Please repeat the data below exactly, with the pictures removed.

▶ Exercise data:
------------
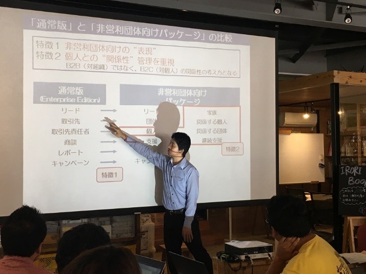 セールスフォースの基本的機能紹介や、実際に導入した非営利団体の活用例、基礎データの登録方法などについて、講義と演習を行った。既に導入している非営利団体からは、カスタマイズの方法など実際の業務に対応させるための具体的な質問が上がった。
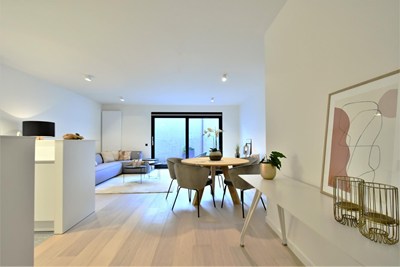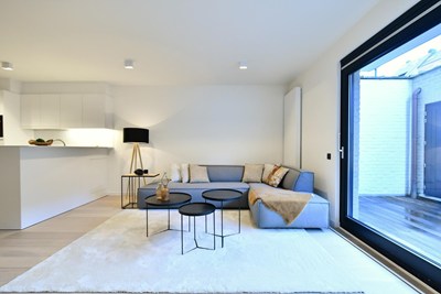 INDELING: Inkomhal met berging en gastentoilet. Aangename, lichtvolle living uitgevend op het ruim terras (23m²). Volledig ingerichte open keuken. 2 slaapkamers. Douchekamer met inloopdouche en dubbele lavabo. Kelder en fietsenberging. Verkoop onder registratierechten!
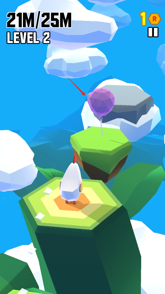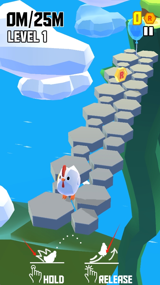 1、触屏力度控制:长按屏幕任意位置蓄力,观察力度条变化调整跳跃力度,松开后小鸡按对应力度跳跃,需根据前方空岛间隔与障碍高度,在短按轻跳与长按远跳切换。
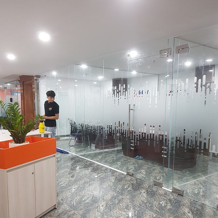 Dán kính mờ theo thiết kế tại văn phòng công ty GCW
------------
▶ Response area:
 セールスフォースの基本的機能紹介や、実際に導入した非営利団体の活用例、基礎データの登録方法などについて、講義と演習を行った。既に導入している非営利団体からは、カスタマイズの方法など実際の業務に対応させるための具体的な質問が上がった。
 INDELING: Inkomhal met berging en gastentoilet. Aangename, lichtvolle living uitgevend op het ruim terras (23m²). Volledig ingerichte open keuken. 2 slaapkamers. Douchekamer met inloopdouche en dubbele lavabo. Kelder en fietsenberging. Verkoop onder registratierechten!
 1、触屏力度控制:长按屏幕任意位置蓄力,观察力度条变化调整跳跃力度,松开后小鸡按对应力度跳跃,需根据前方空岛间隔与障碍高度,在短按轻跳与长按远跳切换。
 Dán kính mờ theo thiết kế tại văn phòng công ty GCW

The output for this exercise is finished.